Saturday, January 13, 2007

On the picket line



Published Jan 13, 2007 7:56 AM

Rights for mall workers

The Service Employees International Union landed a precedent-setting win when it signed an agreement Dec. 18 with two of the largest shopping mall owners. Simon Property Group Inc., the largest U.S. mall owner, and Westfield Group, one of the largest real estate owners in the world, agreed to work only with contractors that meet specific employee standards.

The contract, the first in the shopping mall industry, will raise the wages of and offer affordable health insurance to approximately 5,000 janitors, security guards and other workers at 373 malls around the country. This reverses an outsourcing trend where companies bid contracts to the cheapest supplier, regardless of how they treat their workers, noted Stephen Lerner, director of SEIU’s Justice for Janitors campaign. (Business Week, Dec. 18)

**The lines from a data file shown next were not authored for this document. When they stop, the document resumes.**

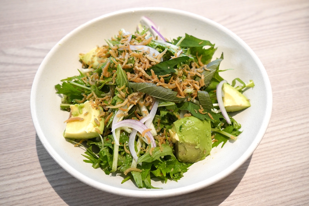 1. Mizuna Salad (320++ THB) [15/20] – สลัดผักมิซูน่าเนื้อกรอบเสิร์ฟคู่กับอโวคาโดและปลาเงินทอดกรอบราดน้ำสลัดยูสุ
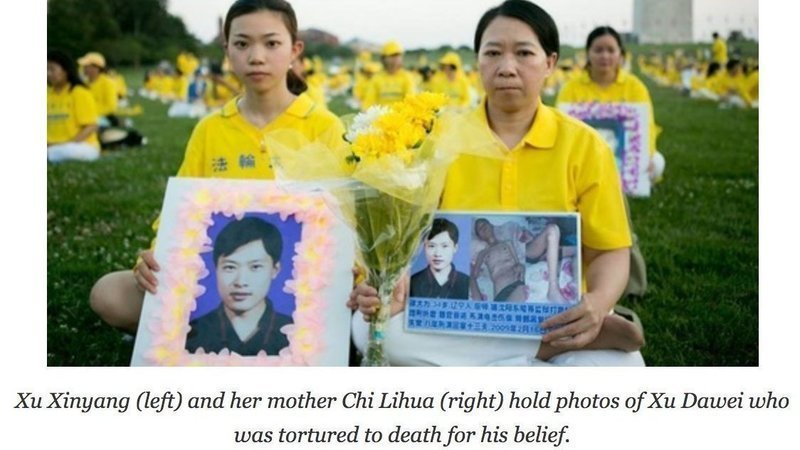 Xu Xinyang, 19, attends school in another state. She drove more than two hours to join her mother in Washington, D.C., so they could attend the candlelight vigil together. “My father was killed for his belief. I came here today to remember him,” she said.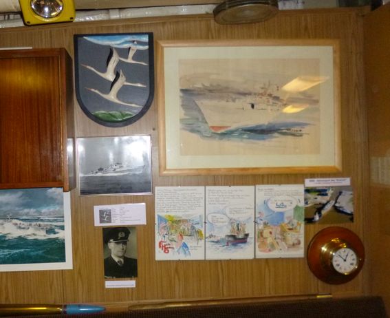 Bei einem Besuch des 1. Vorsitzenden, Kalle Scheuch, und seines Stellvertreters, Wolfgang Hammer, bei der Marinekameradschaft der ehemaligen Patenstadt Hiltrup/Westf. konnte festgestellt werden, dass nicht nur im Vereinsheim das anlässlilch der Patenschaftübernahme überreichte Modell des "Kranich" aufgestellt war und das Wappen des "Kranich" an der Wand hing sondern es im Bürgerhaus eine Vitrine gab, in der u.a. der damals überreichte Rettungsring des "Kranich" ausgestellt war.

In the last few months of 2006, more than 10,000 service workers of all backgrounds won higher pay, health insurance and/or the right to vote to form a union. These include 5,300 janitors in Houston, 5,000 security staff in Los Angeles and more than 1,000 janitors and security staff at major universities such as Harvard and the University of Miami. (SEIU press release, Dec. 18)

‘No worker is illegal’ campaign

Rank-and-file members of SEIU in California have launched a “No worker is illegal” campaign. They initiated the protest last fall to pressure SEIU leaders to stop supporting reactionary immigrant bills. The issue is on the agenda at SEIU’s International Executive Board meeting later in January.

Spearheaded by Local 790 in San Francisco, the campaign opposes the McCain-Kennedy bill, which would further militarize the U.S./Mexican border, level sanctions against employers who hire undocumented workers and establish a federal so-called “guest worker” program which does not offer a path to citizenship. One such 2006 program was so discriminatory that the Southern Poverty Law Center sued a contractor and won back wages for hundreds of Latin American immigrants. (Workers World, Dec. 28)

“How are we supposed to organize workplaces with these kinds of laws?” asked Renee Saucedo, a leader of the campaign. (Labor Notes, January 2007)

To support this important rank-and-file initiative before the January meeting, sign the petition at www.noworkerisillegal.org.

Newspaper workers sign contracts

In December members of The Newspaper Guild-CWA and other unions in Boston, Honolulu, Philadelphia, and San Jose signed bitterly fought contracts with more concessions than gains.

“These were tough, tough fights, and the contracts aren’t pretty, but neither is the industry right now,” said Linda Foley, TNG-CWA president, in a Dec. 22 press release.

The release explained: “Newspapers across the country have cut 34,000 jobs in the last five years and have announced thousands more cuts in the past few months. Although some papers are struggling financially, even highly profitable newspapers are slashing jobs, wages and benefits in the race for corporate profit.”

Wisconsin day-care workers win union

The overwhelming majority of the 7,000 licensed child care providers in Wisconsin signed cards to join AFSCME/Child Care Providers Together last fall. The union was certified on Oct. 30.

“Providers joined together because they want to have a voice in the policies that affect their profession,” said Gerald McEntee, president of AFSCME. Support came from workers in metro, suburban, and rural areas across the state and included English-, Spanish- and Hmong-speaking providers. The union will focus on developing leaders charged with setting up a negotiation process.

“Considering the onslaught of W-2 and the smashing of unions/living wage jobs in Wisconsin, which hit women the hardest, especially in Milwaukee where the largest percentage of Black, Latina and Hmong women live, this will help them immensely,” local labor activist Bryan G. Pfeifer told Workers World. “This will also help many poor white women in rural areas.”

AFSCME/Child Care Providers Together is part of a national movement to organize child care professionals, who have been considered self-employed independent contractors because they work at home. Similar campaigns have been successful in Iowa and Oregon and are underway in California, Michigan, Minnesota, New Jersey, New York, Ohio and Pennsylvania. AFSCME represents more than 150,000 family child care providers, day-care center workers, Head Start teachers and early childhood employees.